Derek Chauvin pleads guilty to tax evasion charges as he remains behind bars for murder of George Floyd
Disgraced former Minneapolis police officer and convicted killer entered a guilty plea on two counts of tax evasion
Derek Chauvin has pleaded guilty to tax evasion charges, marking the latest in a growing number of criminal convictions for the murderer of George Floyd.
The disgraced former Minneapolis police officer and convicted killer appeared remotely in a Minnesota court on Friday where he entered a guilty plea on two counts of aiding and abetting and failing to file tax returns to the state of Minnesota for the years 2016 and 2017.
Chauvin blamed his actions on “financial concerns” that he said he and his now ex-wife Kellie May Chauvin were experiencing at the time.
“The true reason is some financial concerns at the time,” he told Washington County Judge Sheridan Hawley.
Chauvin and his ex-wife were charged with multiple counts of underreporting their joint income by more than $460,000 and of failing to file tax returns between the years of 2014 and 2019.
The couple together owe $37,868 to the state of Minnesota in unpaid taxes, interest and fees, according to prosecutors.
During those years, Chauvin was a veteran police officer with Minneapolis Police Department and was also working on the side as an off-duty security officer.
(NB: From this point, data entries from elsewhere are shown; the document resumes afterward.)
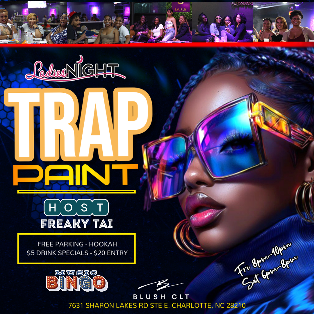 Season 9 of the Queen City Urban Art Showcase presents "Trap & Paint + Music Bingo" every weekend! Sip & Paint to hard hitting trap music, hiphop, reggae, and r&b. Located in the newest lounge in the South Charlotte area. Music by the best DJ's in town. Limited space available so get your tickets asap. Hosted by Freaky Tai the #1 showstopper in Charlotte! Food truck onsite, $5 drinks, and $25 hookahs round out this wonderful event!
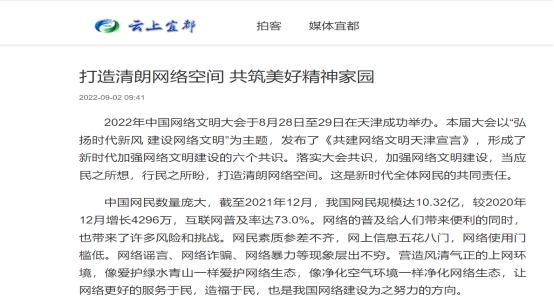 2022年中國(guó)網(wǎng)絡(luò)文明大會(huì)于8月28日至29日在天津成功舉辦。本屆大會(huì)以“弘揚(yáng)時(shí)代新風(fēng) 建設(shè)網(wǎng)絡(luò)文明”為主題,發(fā)布了《共建網(wǎng)絡(luò)文明天津宣言》,形成了新時(shí)代加強(qiáng)網(wǎng)絡(luò)文明建設(shè)的六個(gè)共識(shí)。落實(shí)大會(huì)共識(shí),加強(qiáng)網(wǎng)絡(luò)文明建設(shè),當(dāng)應(yīng)民之所想,行民之所盼,打造清朗網(wǎng)絡(luò)空間。這是新時(shí)代全體網(wǎng)民的共同責(zé)任。
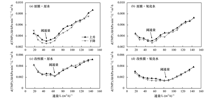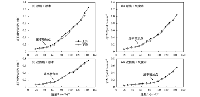 圖 5為圖 4中各個(gè)膜組件dTMP/dt, 得出各通量下TMP增長(zhǎng)速率, 由于使用預(yù)壓縮階梯通量法, 所以在過(guò)濾進(jìn)程中有通量上升和下降兩階段, 可以通過(guò)這兩階段數(shù)據(jù)是否一致來(lái)判斷, 得出數(shù)據(jù)的準(zhǔn)確性.從中可以看出各個(gè)膜組件的TMP增長(zhǎng)速率均有平緩上漲階段和加速上漲階段, 即其中標(biāo)注出的速率增加點(diǎn)前后.觀察圖 5(a)在速率增加點(diǎn)前, TMP增長(zhǎng)速率約為0.1 kPa·min-1, 速率增加點(diǎn)后TMP增長(zhǎng)速率變化迅速, 在Jmax點(diǎn)已經(jīng)達(dá)到1.25 kPa·min-1; 觀察圖 5(b)在速率增加點(diǎn)前, TMP增長(zhǎng)速率同樣約為0.1kPa·min-1, 但在Jmax點(diǎn)TMP增長(zhǎng)速率達(dá)到1.05 kPa·min-1; 圖 5(c)、5(d)具有類似結(jié)果, 在速率增加點(diǎn)前TMP增長(zhǎng)速率同約為0.1kPa·min-1, 而Jmax點(diǎn)TMP增長(zhǎng)速率分別為0.75 kPa·min-1、0.5 kPa·min-1; 對(duì)比4圖中Jmax點(diǎn)TMP增長(zhǎng)速率得到原膜+氧化水、改性膜+原水、改性膜+氧化水在Jmax運(yùn)行時(shí)TMP增長(zhǎng)速率相比原膜+原水膜組件分別減少了16%、40%、60%.表明臭氧-CNT膜改性聯(lián)用工藝與原膜相比能夠降低過(guò)濾進(jìn)程中的壓力增長(zhǎng)速率.

Kellie May Chauvin worked as a real estate agent and also ran a photography business.
Investigators said that Chauvin earned more than $95,000 from one of several off-duty security jobs he worked between 2014 and 2020 – but paid zero income tax on it.
Last month, Kellie May Chauvin – who divorced her husband following his murder arrest – pleaded guilty to two charges of aiding and abetting their failure to file tax returns for 2016 and 2017.
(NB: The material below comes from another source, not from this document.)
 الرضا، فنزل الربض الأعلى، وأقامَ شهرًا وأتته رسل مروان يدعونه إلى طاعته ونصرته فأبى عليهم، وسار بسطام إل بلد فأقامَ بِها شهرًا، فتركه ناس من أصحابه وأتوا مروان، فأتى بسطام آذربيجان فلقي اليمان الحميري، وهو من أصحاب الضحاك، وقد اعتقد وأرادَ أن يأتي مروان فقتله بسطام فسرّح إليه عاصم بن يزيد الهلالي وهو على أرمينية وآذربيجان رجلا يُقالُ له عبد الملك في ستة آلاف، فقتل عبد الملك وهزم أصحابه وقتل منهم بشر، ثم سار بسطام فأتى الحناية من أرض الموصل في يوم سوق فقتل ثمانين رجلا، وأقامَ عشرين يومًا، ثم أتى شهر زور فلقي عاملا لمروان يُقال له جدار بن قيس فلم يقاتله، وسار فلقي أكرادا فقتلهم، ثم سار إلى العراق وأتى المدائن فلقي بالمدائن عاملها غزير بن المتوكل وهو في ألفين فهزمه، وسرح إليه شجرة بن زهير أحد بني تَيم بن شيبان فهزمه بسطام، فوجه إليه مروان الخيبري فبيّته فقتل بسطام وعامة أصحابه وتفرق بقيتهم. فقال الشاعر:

Chauvin appeared for Friday’s plea hearing over Zoom from the federal prison in Tucson, Arizona, where he is serving time for the Memorial Day 2020 murder of the Black father.
Back on 25 May 2020, the veteran Minneapolis police officer knelt on the Black man’s neck for nine minutes and 29 seconds as he begged for air saying “I can’t breathe” until he died.
Cellphone footage captured the horrific killing, leading to protests across the globe demanding racial justice and an end to police brutality against Black people.
Chauvin is now behind bars after being convicted on both state and federal charges for Floyd’s murder.
In April 2021, Chauvin was convicted of second-degree murder, third-degree murder and second-degree manslaughter at his state trial and was sentenced to 22-and-a-half years.
Eight months later, he then pleaded guilty to federal charges of violating Floyd’s civil rights when he murdered him – in a plea deal that saw him moved from a Minnesota state facility to a nicer federal prison.
In July 2022, he was sentenced to 21 years on the federal charges.
The two sentences are being served concurrently and he will serve both at the medium-security Federal Correctional Institution in Tucson.
The Minnesota Department of Revenue launched a tax evasion investigation into Chauvin and his ex-wife one month after his arrest for Floyd’s murder when the killer’s suspicious filings came to light.
The probe found that the couple did not file state tax returns for 2016, 2017 or 2018, and did not report all of their income for 2014 and 2015.
The Chauvins then filed tax returned for 2016 to 2019 in June 2020 – the month of the investigation’s launch – but still failed to report all of their income.
Under Kellie May Chauvin’s plea agreement, she is expecting three years of probation and restitution of $37,868, with no more than 45 days of community service when she is sentenced on 12 May.
Chauvin’s guilty plea comes months after he filed an appeal against his state murder charges, claiming that he was deprived a fair trial due to the high-profile nature of the case.